Самоубийство Пушкина. Том первый

5

Полная версия:

Самоубийство Пушкина. Том первый

Ну скажи, каков я?

Счастлив беспримерно.

Баронесса Софья

Любит нас наверно!

– Что за простота!

Ведь она не та!

Я ж нежней кота,

Легче всякой серны

К ножкам милой Керны.

Ах, как оне скверны!

У нас сохранился своеручный листок Соболевского с этими стихами, и на нём отмечено им же, что «стихотворение это беспрестанно твердил Пушкин».

А. Дельвиг. «Руск. Арх.» 1884 г., кн. III, стр. 349.

Несколько дней тому назад г-жа Штерич праздновала свои именины. У ней было много гостей и в том числе новое лицо, которое, должен сознаться, произвело на меня довольно сильное впечатление. Когда я вечером спустился в гостиную, оно мгновенно приковало к себе мое внимание. То было лицо женщины поразительной красоты. Но меня всего больше привлекала в ней трогательная томность в выражении глаз, улыбка и звук голоса.

Молодая женщина эта – генеральша Анна Петровна Керн, урождённая Полторацкая.

А.В. Никитенко. Дневник. 23 мая 1827 г.

В год возвращения его из Михайловского именины свои праздновал он в доме родителей, в семейном кружку, и был очень мил. Я в этот день обедала у них и имела удовольствие слушать его любезности. После обеда Абрам Сергеевич Норов, подойдя ко мне с Пушкиным, сказал: «Неужели вы ему сегодня ничего не подарили, а он так много писал вам прекрасных стихов?» – «И в самом деле, – отвечала я, – мне бы надо подарить вас чем-нибудь: вот вам кольцо моей матери, носите его на память обо мне». Он взял кольцо, надел на свою маленькую прекрасную ручку и сказал, что даст мне другое.

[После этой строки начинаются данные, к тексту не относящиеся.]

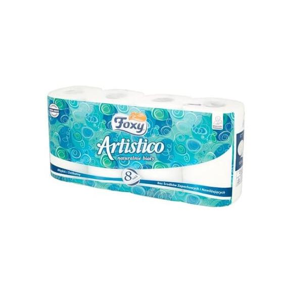 Papier toaletowy 2 warstwy. Specjalna technologia zastosowana w Foxy Artistico uwypukla objętość papieru i powoduje, że produkt jest niezwykle gruby. Wystarczy poczuć go między palcami, aby docenić różnicę w porównaniu z innymi produktami. Z wzorem "miękkie poduszeczki" miękkość łączy się z wytrzymałością. Unikalne wytłoczenie zwiększa znacznie wytrzymałość i powoduje przyjemne odczucie miękkości na powierzchni papieru. Został wyprodukowany z włókien czystej 100% celulozy. Wersja "Naturalnie biały" jest bezzapachowa i pozbawiona dodatkowych barwników. Wyjątkowo chłonny. Łatwo rozpuszczalny w wodzie. Opakowanie nadające się do recyklingu.
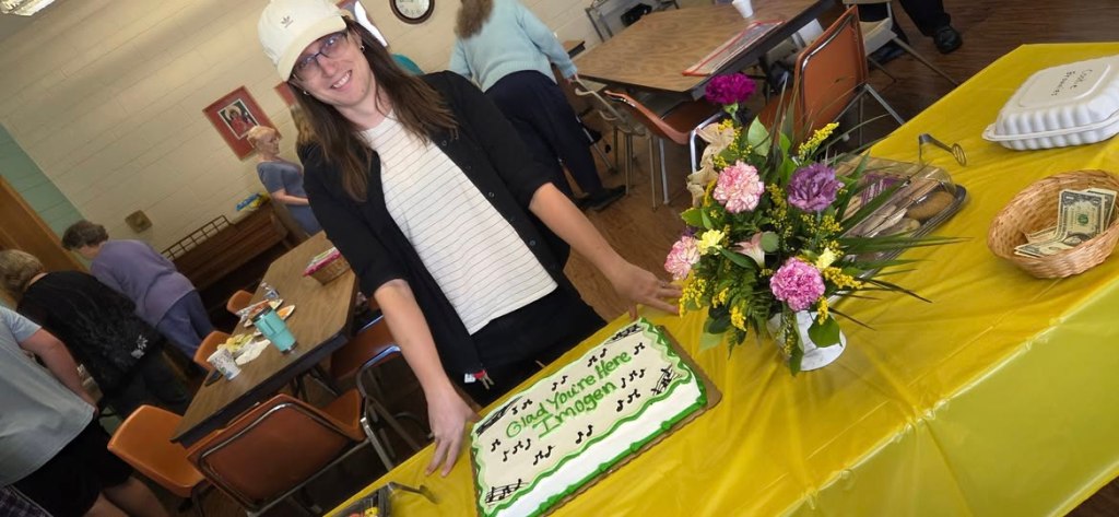 Imogen Smith has been with us as our Music Director for several months. We got around to celebrating her wonderful musical contributions to our worship last Sunday. Thank you, Imogen, for blessing us with your talent!
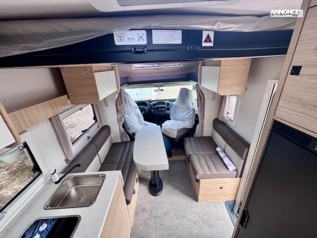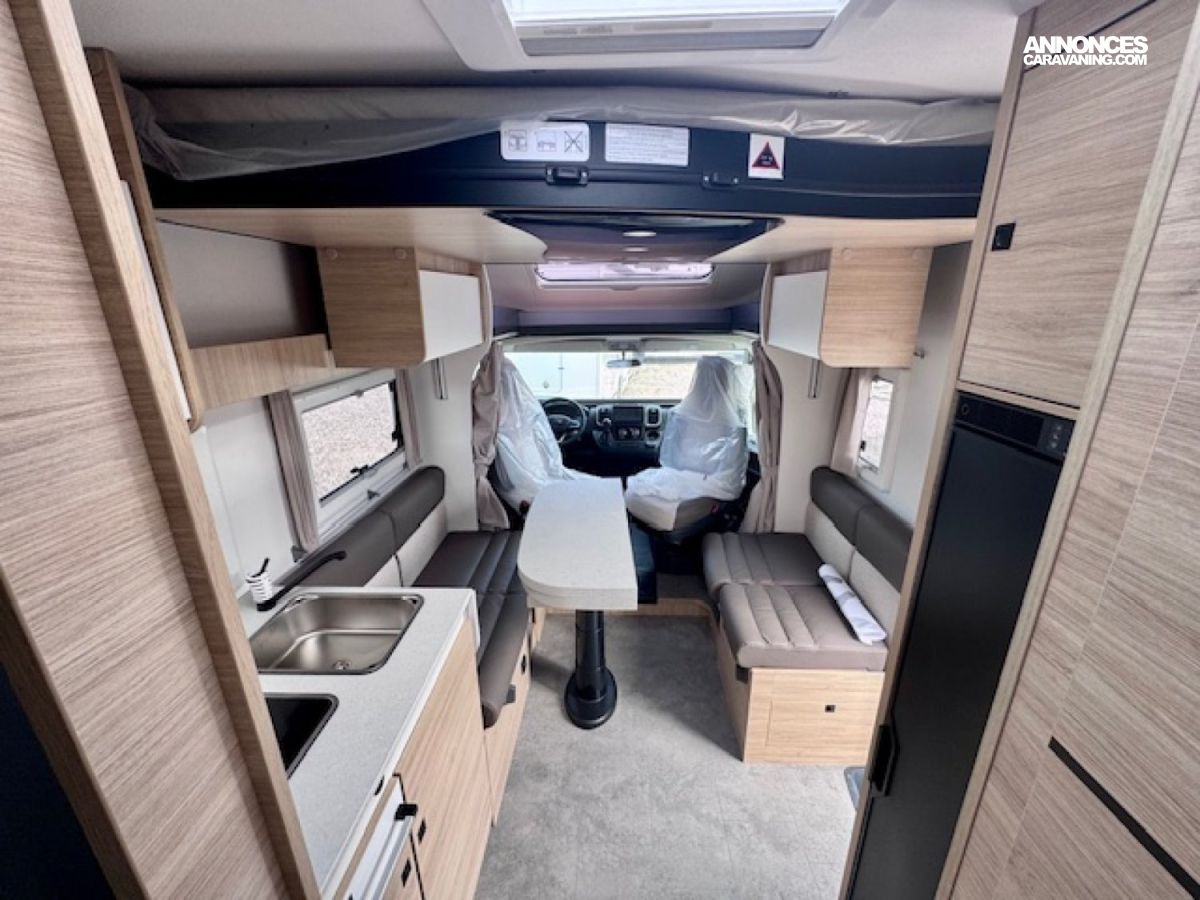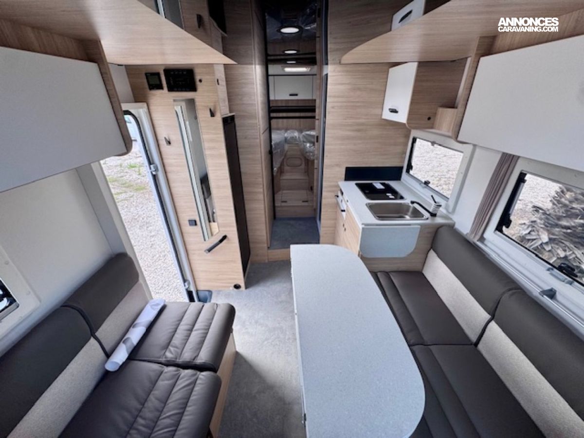 Sans dépasser les 7.40m, vous découvrirez l élégance française avec des lits jumeaux (90 par 196) sur garage, un salon face-à-face Smartlounge rappelant la convivialité des repas partagés et une salle de bain avec double cloisonnement et astucieusement conçue, à la fois pratique et raffinée. Chaque détail a été pensé pour simplifier et rendre vos pauses inoubliables. Notre modèle expo possede aussi un lit pavillon de 140 par 190.
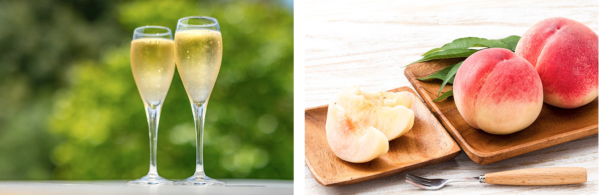 ジューシーなももに、キリっと冷えたスパークリングワインや白ワインを合わせるのは夏ならではの贅沢。
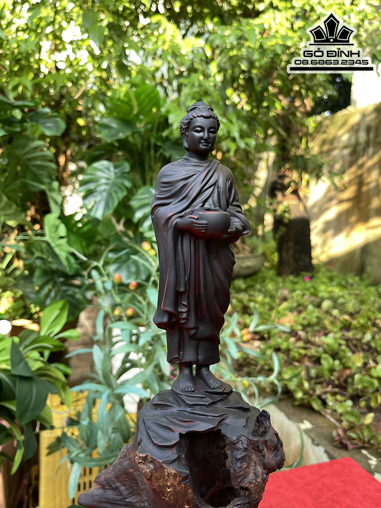 Tượng Phật A Di Đà Gỗ Trắc Cao 45 Ngang 21 Sâu 20 (cm)
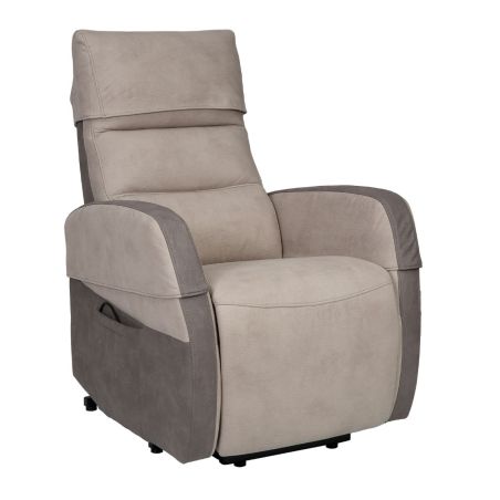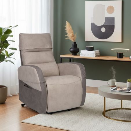 Fauteuil relax releveur tissu polyester imitation cuir gris et beige - NYMPHAEA.
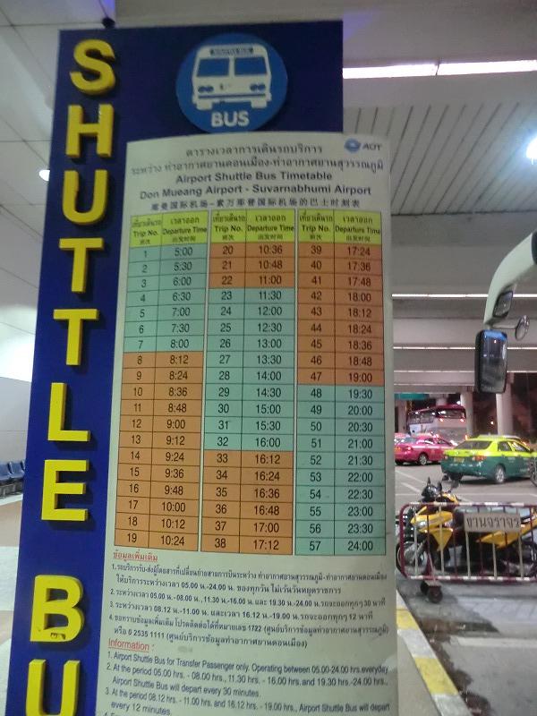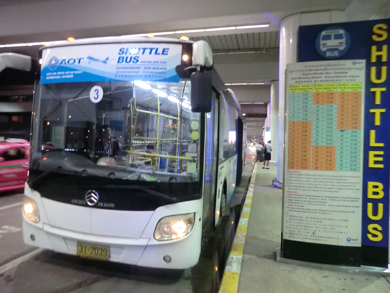 ドンムアン空港からスワンナプーム国際空港まで、無料のシャトルバスを利用しました。
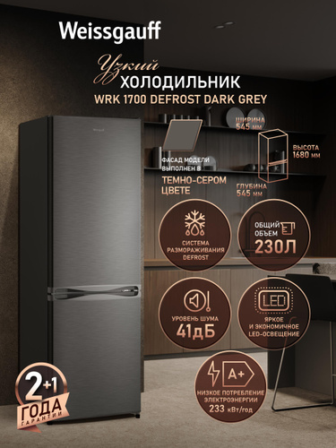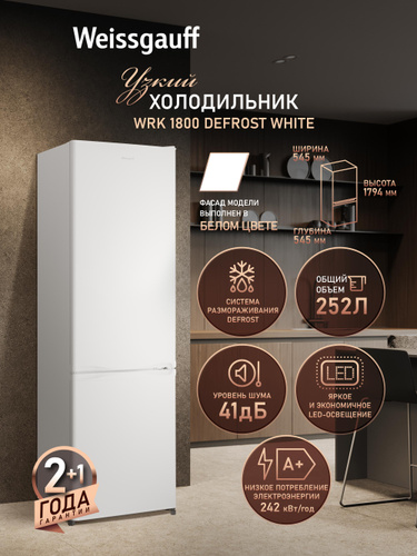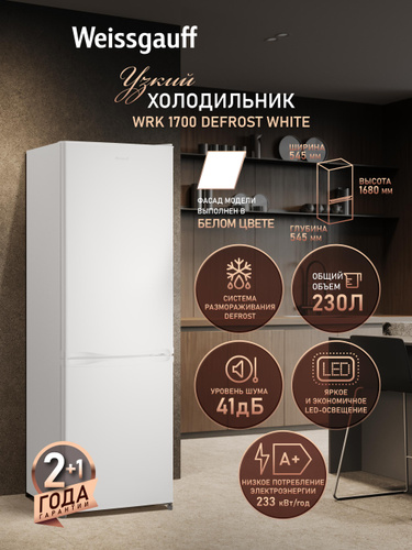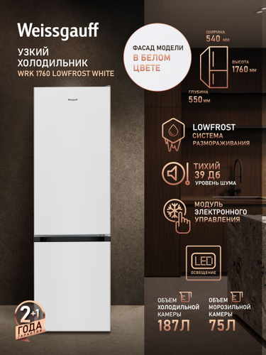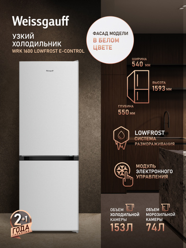 Weissgauff Холодильник Двухкамерный шириной 54 см WRK 1600 LowFrost E-control, Суперохлаждение, Общий объём 227 л, Ящик для овощей и фруктов, Полки из закаленного стекла, Перенавешиваемые двери, LED-освещение, Класс энергопотребления А+ , белый, прозрачный
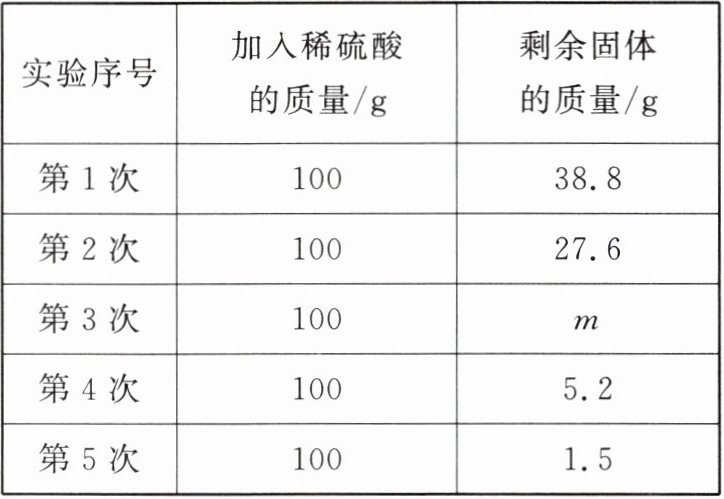 由表中数据可知,每次加入$100g$稀硫酸,固体减少的质量为$50g - 38.8g=11.2g$,第二次加入$100g$稀硫酸后,固体又减少$38.8g - 27.6g = 11.2g$,所以第三次加入$100g$稀硫酸时,固体也减少$11.2g$,则$m=27.6g−11.2g = 16.4g$。
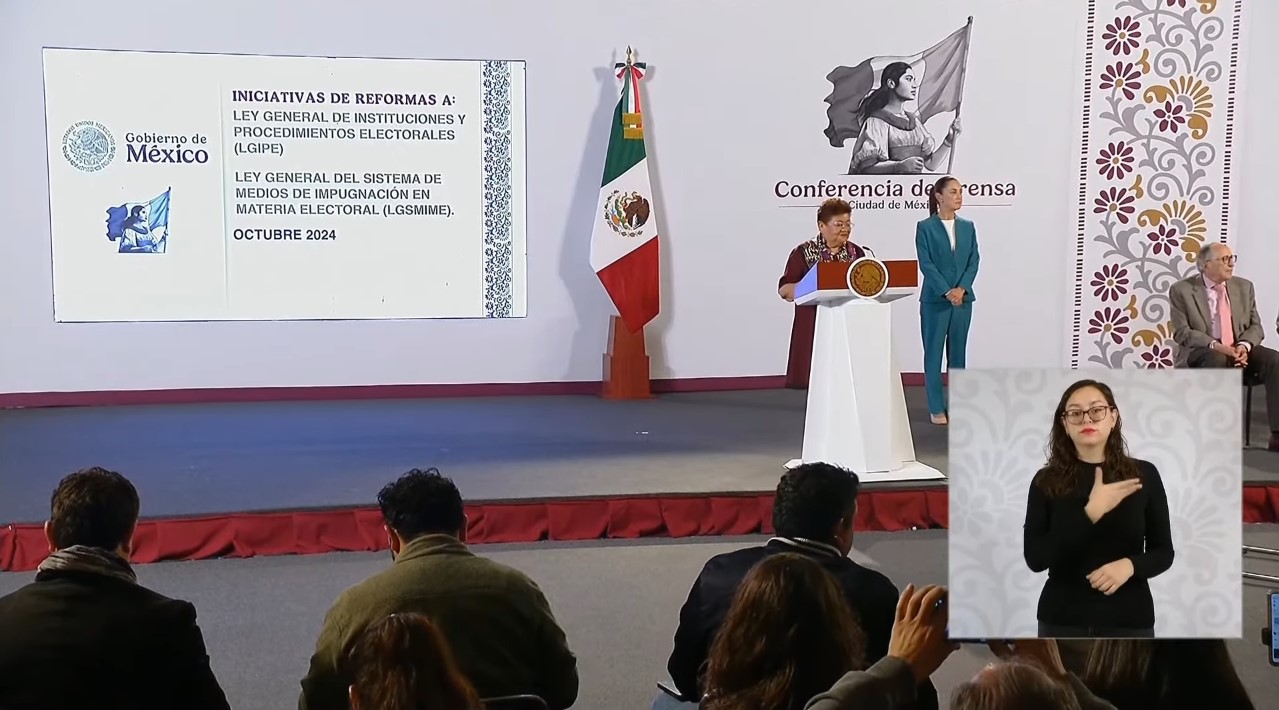 La consejera jurídica de Presidencia, Ernestina Godoy, dio a conocer el contenido de las leyes secundarias que se enviarán al Senado referentes a la elección de jueces, magistrados y ministros que se llevará a cabo el 1 de junio de 2025, para implementar la reforma al Poder Judicial.
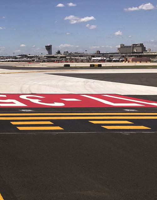 facts&figures Project: East Airfield Rehabilitation Location: Philadelphia Int’l Airport Cost: $25 million Funding: 75% federal; 25% state & local Scope: 132,500 sq. yards of new pavement in 8 areas, including 2 aprons, multiple taxiways & taxiway intersections Unexpected Element: Crews had to remove more than 26,500 sq. yards of asbestos-tainted asphalt Construction: March 2019-July 2020 Of Note: Project completed 71 days ahead of schedule
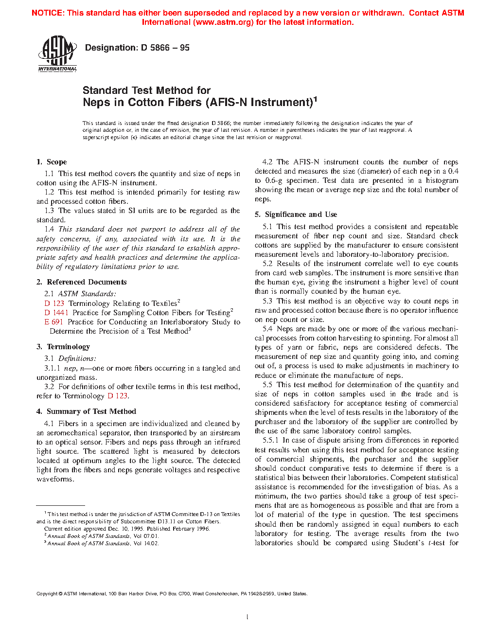 5.4 This test method provides a consistent and repeatable measurement of fiber nep count and size. Check cotton samples supplied by the manufacturer are used to verify consistent measurement levels and laboratory-to-laboratory precision.
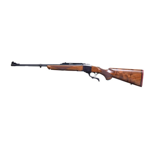 Cal. 243 Win. S# 132-97457 (1994). This Ruger No. 1 features a 22-inch blued barrel with Warning markings. It is equipped with a bead front sight and a flip-up rear sight on quarter rib. The frame has a blued finish with a falling block action. The rifle is fitted with a checkered Alex Henry forearm and a pistol grip buttstock, both made of walnut, with a red rubber pad. CONDITION: The overall condition is near excellent. The barrel retains approximately 98% of its original finish, with the frame retaining about 95% of its blued finish. The forearm and buttstock are in excellent condition with minimal handling marks. The bore is bright and sharp. MODERN (23-6531/MD) $1,000-1,500.
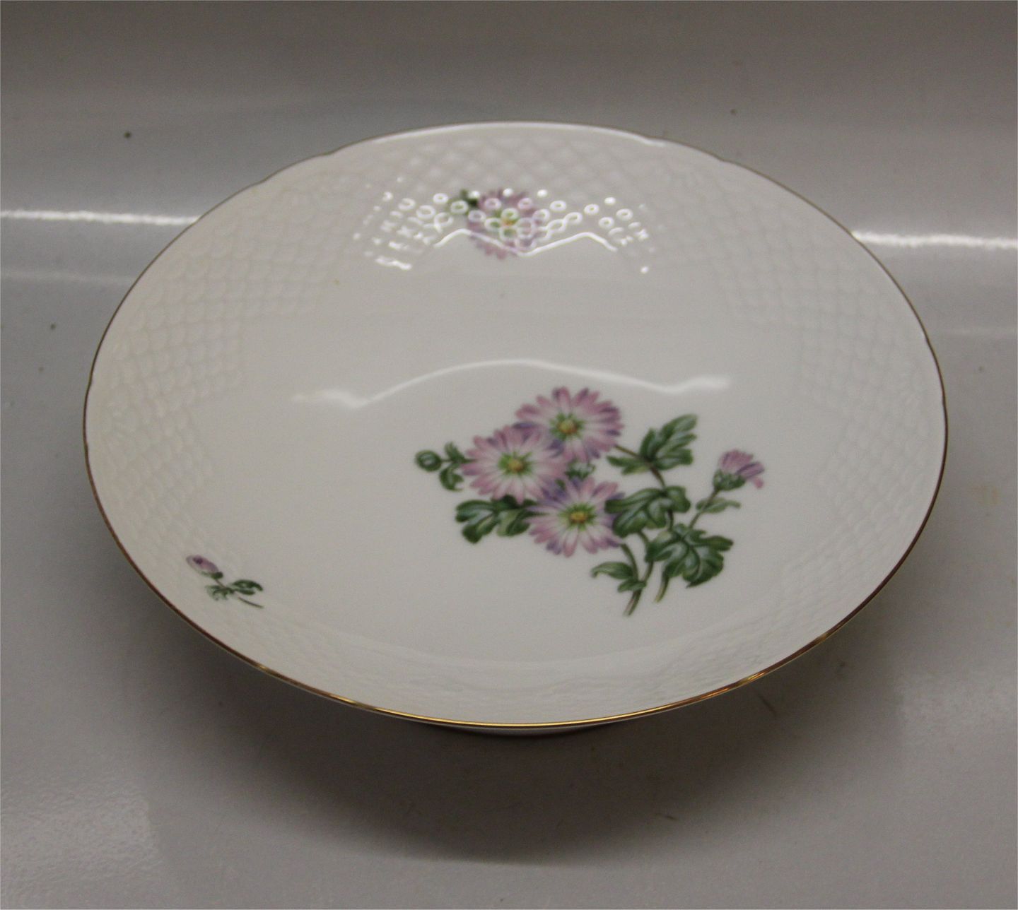 223 Bowl on foot, (medium) 7 x 20 cm (428) Chrysanthemums, sometimes called mums or chrysanths. Pink - Rosa Flower Bing and Grondahl. Marked with the three Royal Towers of Copenhagen. In mint and nice condition Bing & Groendahl White base, pink chrysanthemum, gold rim, form 356 Krysantemum
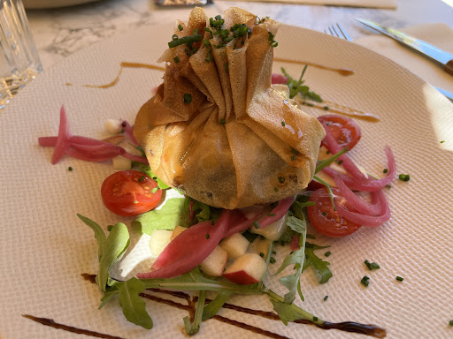 Read moreOur first night in Normandy for a history tour and we discovered this gem of a place tucked away in a courtyard off the high street. Booking advisable as the place was rammed (clearly deservedly popular!) but we were fortunate enough that they found a way to squeeze the five of us in by squeezing two smaller round tables together. The service was friendly & efficient, the atmosphere warm & inviting, and the food was absolutely delicious and very reasonably priced. We did not have to wait long for any dishes despite how busy they were either. All in all an exceptional dining experience, cannot recommend...
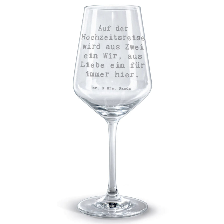 Red Wine Glass Saying Auf der Hochzeitsreise wird aus Zwei ein Wir, aus Liebe ein für immer hier.

А.П. Керн. Воспоминания. о Пушкине.

Г-жа Керн переехала отсюда на другую квартиру. Я порешил не бывать у неё, пока случай не сведёт нас опять. Но сегодня уже я получил от неё записку с приглашением сопровождать её в Павловск. Я пошёл к ней: о Павловске больше и речи не было.

Я просидел у нее до десяти часов вечера. Когда я уже прощался с ней, пришел поэт Пушкин. Это человек небольшого роста, на первый взгляд не представляющий из себя ничего особенного. Если смотреть на его лицо, начиная с подбородка, то тщетно будешь искать в нём до самых глаз выражения поэтического дара. Но глаза непременно остановят вас: в них вы увидите лучи того огня, которым согреты его стихи…

А.В. Никитенко. 8 июня 1827 г.

На другой день Пушкин привёз мне обещанное кольцо с тремя бриллиантами и хотел было провести у меня несколько часов; но мне было нужно ехать с графинею Ивелич, и я предложила ему прокатиться к ней в лодке. Он согласился, и я опять увидела его почти таким же любезным, каким он бывал в Тригорском. Он шутил с лодочником, уговаривал его быть осторожным и не утопить нас.

А.П. Керн. Дневник.

Не знаю, долго ли я уживусь в дружбе с этой женщиной. Она удивительно неровна в обращении, и, кроме того, малейшее противоречие, которое она встречает в чувствах других со своими, мгновенно отталкивает её от них. Это уж слишком переутончённо.

А.В. Никитенко. Дневник.

Несколько дней спустя он приехал ко мне вечером и, усевшись на маленькой скамеечке (которая хранится у меня как святыня), написал на какой-то записке:

Я ехал к вам. Живые сны

За мной вились толпой игривой,

И месяц с правой стороны

Осеребрял мой бег ретивый.

Я ехал прочь. Иные сны…

Душе влюблённой грустно было,

И месяц с левой стороны

Сопровождал меня уныло!

Мечтанью вечному в тиши

Так предаемся мы, поэты,

Так суеверные приметы

Согласны с чувствами души.

Писавши эти строки и напевая их своим звучным голосом, он при стихе:

И месяц с левой стороны

Сопровождал меня уныло!

– заметил, смеясь: «Разумеется, с левой, потому что ехал назад!»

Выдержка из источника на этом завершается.